▶ **Exercise data**
---------------

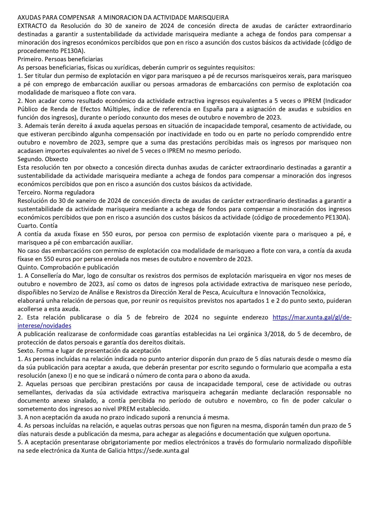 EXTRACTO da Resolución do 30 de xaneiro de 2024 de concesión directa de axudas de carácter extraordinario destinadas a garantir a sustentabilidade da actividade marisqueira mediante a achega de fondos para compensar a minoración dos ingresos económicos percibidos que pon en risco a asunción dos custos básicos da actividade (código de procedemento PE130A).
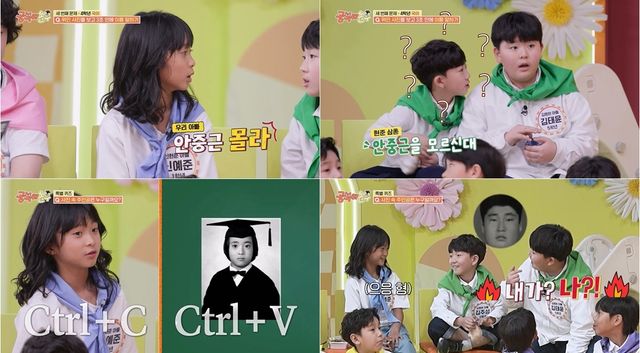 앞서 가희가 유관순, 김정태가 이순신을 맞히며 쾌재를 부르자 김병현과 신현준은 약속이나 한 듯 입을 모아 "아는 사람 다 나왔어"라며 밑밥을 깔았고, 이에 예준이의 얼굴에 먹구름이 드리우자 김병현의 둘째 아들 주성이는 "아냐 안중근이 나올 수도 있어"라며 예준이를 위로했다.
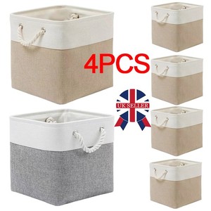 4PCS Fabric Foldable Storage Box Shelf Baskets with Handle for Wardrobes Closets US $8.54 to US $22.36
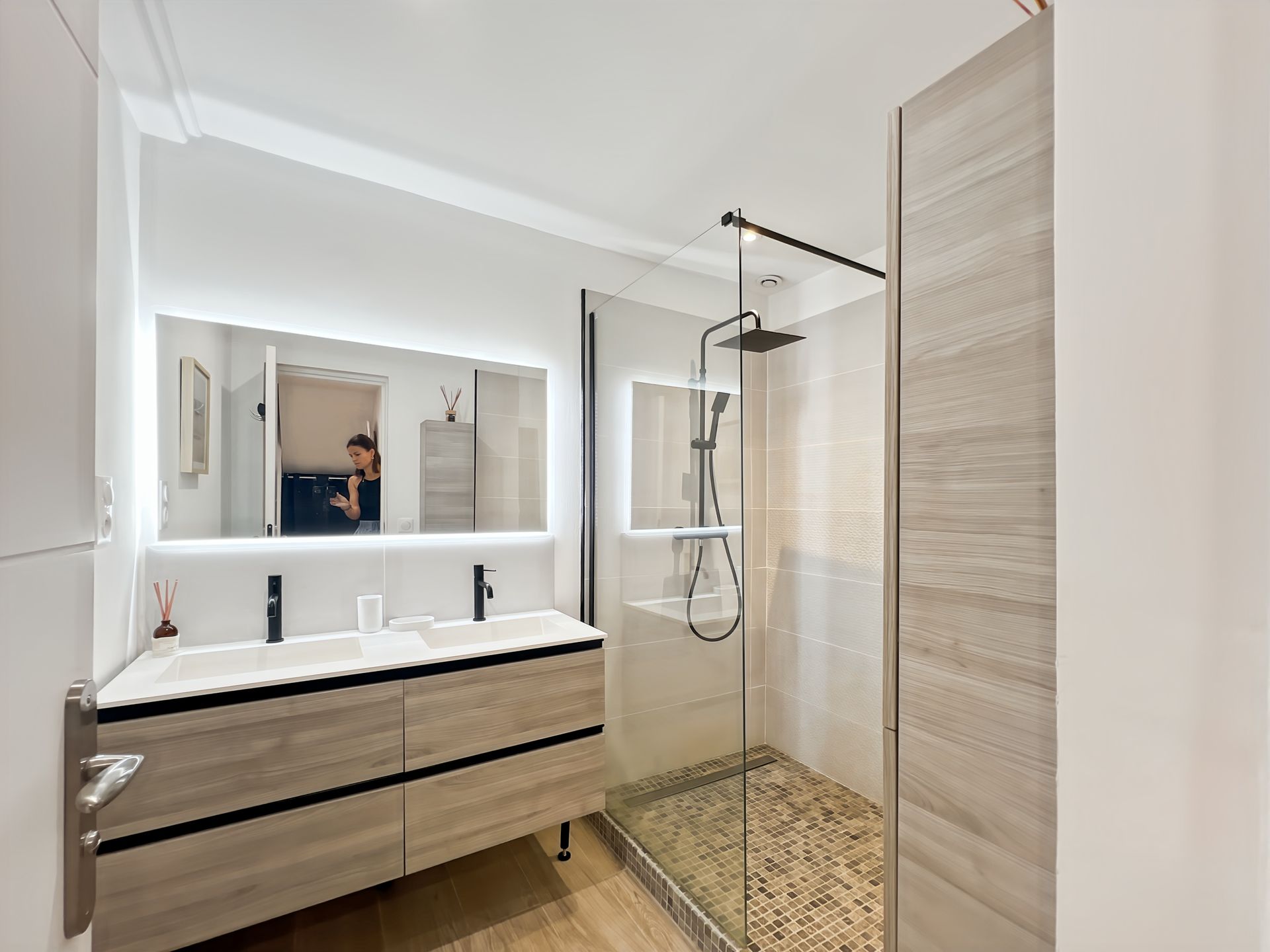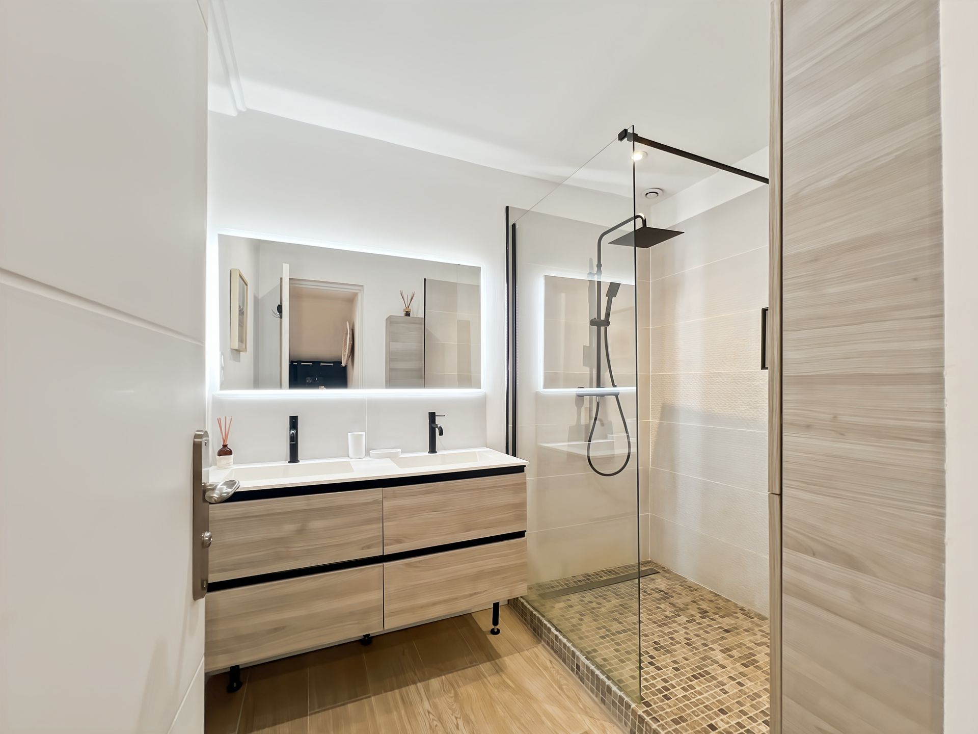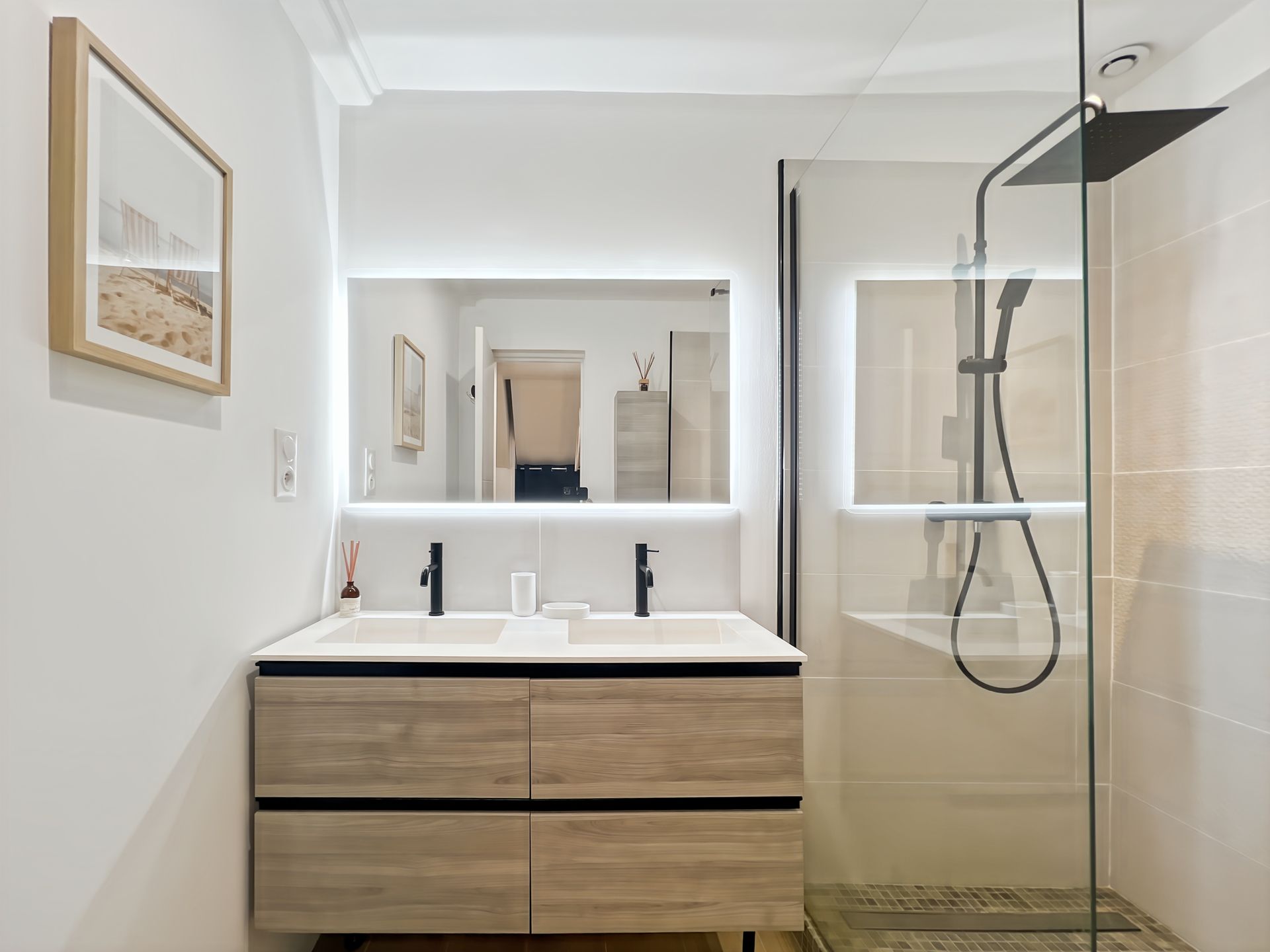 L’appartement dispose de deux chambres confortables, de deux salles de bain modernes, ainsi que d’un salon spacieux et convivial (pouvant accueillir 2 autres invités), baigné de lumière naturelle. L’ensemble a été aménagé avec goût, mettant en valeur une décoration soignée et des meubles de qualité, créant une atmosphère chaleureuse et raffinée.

---------------

▶ **The problem**
Print the material exactly as given, but not the pictures.

▶ **Problem solution**
 EXTRACTO da Resolución do 30 de xaneiro de 2024 de concesión directa de axudas de carácter extraordinario destinadas a garantir a sustentabilidade da actividade marisqueira mediante a achega de fondos para compensar a minoración dos ingresos económicos percibidos que pon en risco a asunción dos custos básicos da actividade (código de procedemento PE130A).
 앞서 가희가 유관순, 김정태가 이순신을 맞히며 쾌재를 부르자 김병현과 신현준은 약속이나 한 듯 입을 모아 "아는 사람 다 나왔어"라며 밑밥을 깔았고, 이에 예준이의 얼굴에 먹구름이 드리우자 김병현의 둘째 아들 주성이는 "아냐 안중근이 나올 수도 있어"라며 예준이를 위로했다.
 4PCS Fabric Foldable Storage Box Shelf Baskets with Handle for Wardrobes Closets US $8.54 to US $22.36
 L’appartement dispose de deux chambres confortables, de deux salles de bain modernes, ainsi que d’un salon spacieux et convivial (pouvant accueillir 2 autres invités), baigné de lumière naturelle. L’ensemble a été aménagé avec goût, mettant en valeur une décoration soignée et des meubles de qualité, créant une atmosphère chaleureuse et raffinée.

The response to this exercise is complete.